Now the ordinance is the subject of a lawsuit filed against the township by two crafty [their “clients” are John and Jane Doe] veteran criminal defense attorneys: Tom Loeb and Neil Rockind. The lawsuit, undoubtedly heading to the Michigan Supreme Court, does not seek money damages but rather, declarative and injunctive relief.
Township by township, the MMA is coming under fire for a glaring flaw: it is a ruse for recreational pot users. Yes, there are legitimate medical marijuana users out there, in spades, for whom the MMA was designed to help.

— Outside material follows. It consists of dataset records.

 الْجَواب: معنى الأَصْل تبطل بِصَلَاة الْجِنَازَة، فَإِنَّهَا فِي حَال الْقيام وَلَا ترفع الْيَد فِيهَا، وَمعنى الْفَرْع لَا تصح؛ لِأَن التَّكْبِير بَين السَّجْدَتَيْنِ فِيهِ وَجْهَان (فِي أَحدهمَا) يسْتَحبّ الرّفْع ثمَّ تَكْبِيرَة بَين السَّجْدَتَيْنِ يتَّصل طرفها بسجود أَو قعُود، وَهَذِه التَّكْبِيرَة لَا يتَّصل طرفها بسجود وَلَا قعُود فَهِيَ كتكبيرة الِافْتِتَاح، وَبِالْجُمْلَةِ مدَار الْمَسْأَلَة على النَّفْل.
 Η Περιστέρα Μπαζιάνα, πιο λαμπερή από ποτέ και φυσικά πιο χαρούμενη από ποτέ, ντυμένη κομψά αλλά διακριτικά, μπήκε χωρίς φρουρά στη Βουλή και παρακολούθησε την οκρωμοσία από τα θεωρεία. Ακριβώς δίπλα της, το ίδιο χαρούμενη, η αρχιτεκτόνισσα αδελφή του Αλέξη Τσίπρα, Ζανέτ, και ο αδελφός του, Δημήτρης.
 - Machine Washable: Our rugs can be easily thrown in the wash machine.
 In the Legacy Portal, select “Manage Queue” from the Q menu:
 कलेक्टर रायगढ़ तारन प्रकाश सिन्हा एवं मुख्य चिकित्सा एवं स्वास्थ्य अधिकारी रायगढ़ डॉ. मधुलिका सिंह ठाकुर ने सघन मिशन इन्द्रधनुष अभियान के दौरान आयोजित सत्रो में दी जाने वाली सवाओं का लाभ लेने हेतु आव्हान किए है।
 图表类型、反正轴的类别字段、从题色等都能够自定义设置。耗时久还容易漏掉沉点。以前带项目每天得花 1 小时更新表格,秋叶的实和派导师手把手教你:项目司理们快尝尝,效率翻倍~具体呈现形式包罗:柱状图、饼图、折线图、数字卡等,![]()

There are also many “patients” whose medical records were reviewed with a passing glance by a physician more interested in the high-volume review fees than in determining whether the person has a genuine chronic medical condition of the sort required by the MMA. The LawBlogger wonders how many certified users, among the tens of thousands of backlogged applicants, are under the age of 25; or are college kids whose only chronic condition is their desire to party down.
As these legal challenges grind through the court system over the next two or three years, the MMA will be subject to death-by-ordinance on a township-by-township basis. Attorneys Rockind and Loeb remarked in their press conference announcing their lawsuit that the ordinance in Bloomfield Hills cannot stand to the extent it contradicts a valid Michigan law.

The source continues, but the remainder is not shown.